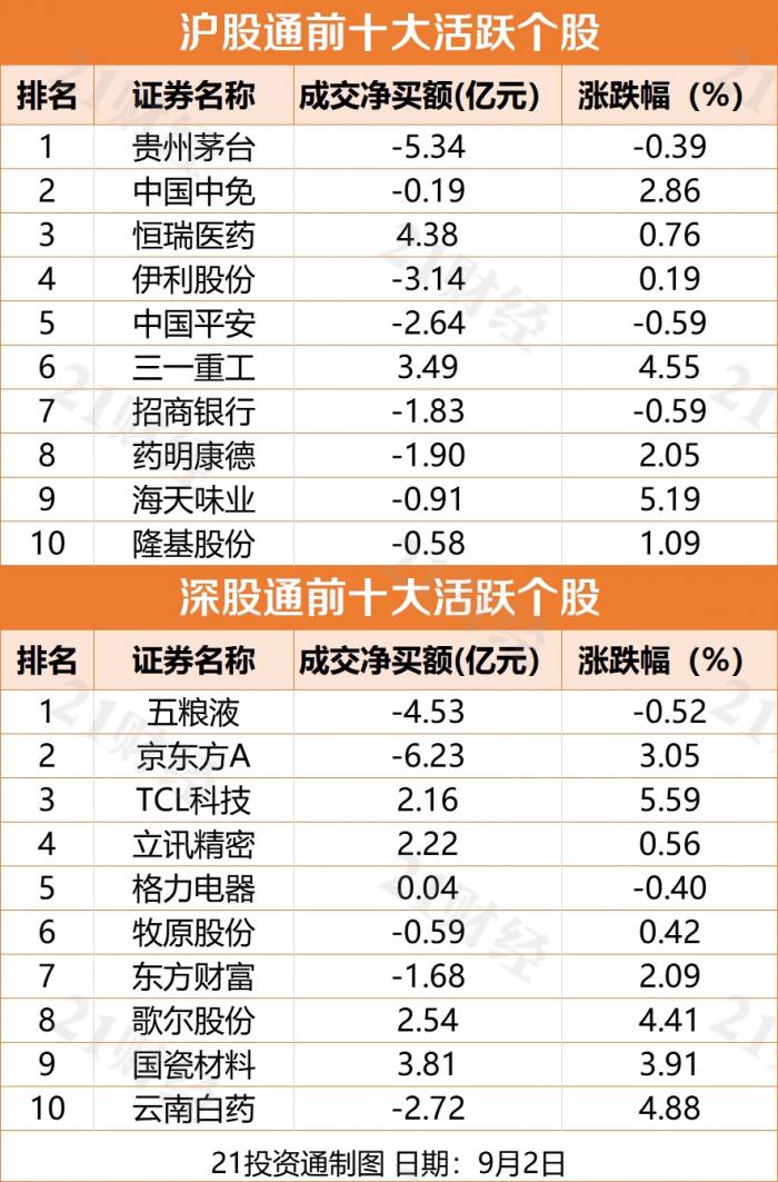 北向资金连续3日净卖出,加上此前8月31日、9月1日的净卖出额80.26亿元,3亿元,合计149.4亿元。
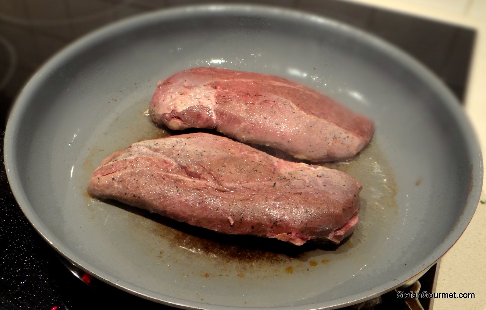 Then I allowed the duck breasts to rest briefly while I deglazed the pan with the sauce, and reduced it further until there was only about 80 ml (1/3 cup) left, or about 10%. Taste and adjust the seasoning with salt and freshly ground black pepper.
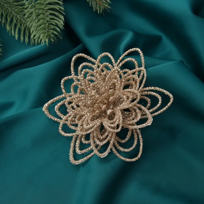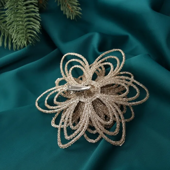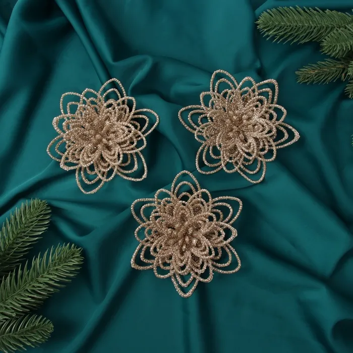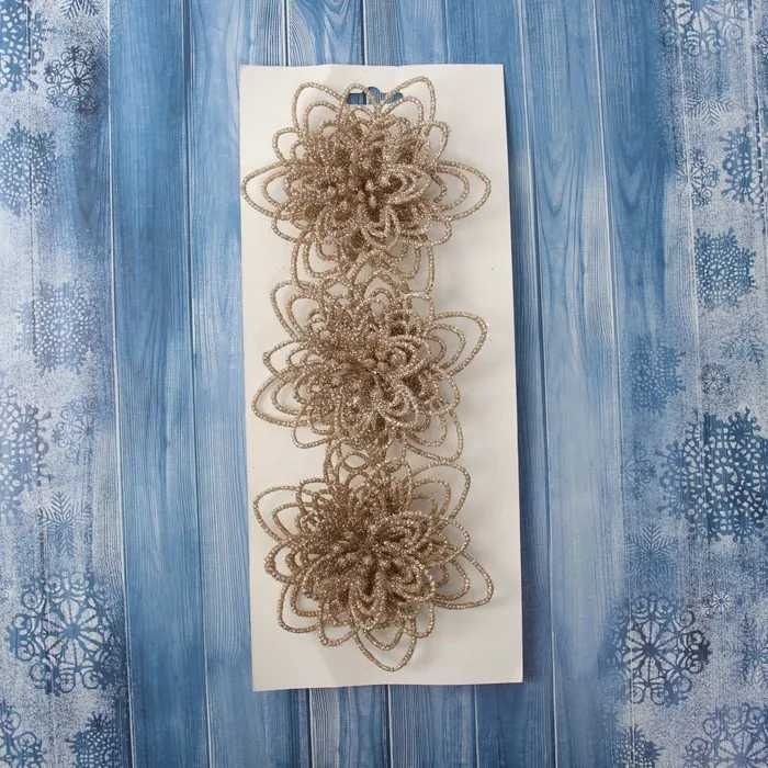 Украшение ёлочное "Цветы блеск кружева" (набор 3 шт) на зажимах, 10,5 см, золото — Характеристики

:: What you need to do ::
Could you print the whole listing again, exactly, leaving the pictures out?

:: Output below ::
 北向资金连续3日净卖出,加上此前8月31日、9月1日的净卖出额80.26亿元,3亿元,合计149.4亿元。
 Then I allowed the duck breasts to rest briefly while I deglazed the pan with the sauce, and reduced it further until there was only about 80 ml (1/3 cup) left, or about 10%. Taste and adjust the seasoning with salt and freshly ground black pepper.
 Украшение ёлочное "Цветы блеск кружева" (набор 3 шт) на зажимах, 10,5 см, золото — Характеристики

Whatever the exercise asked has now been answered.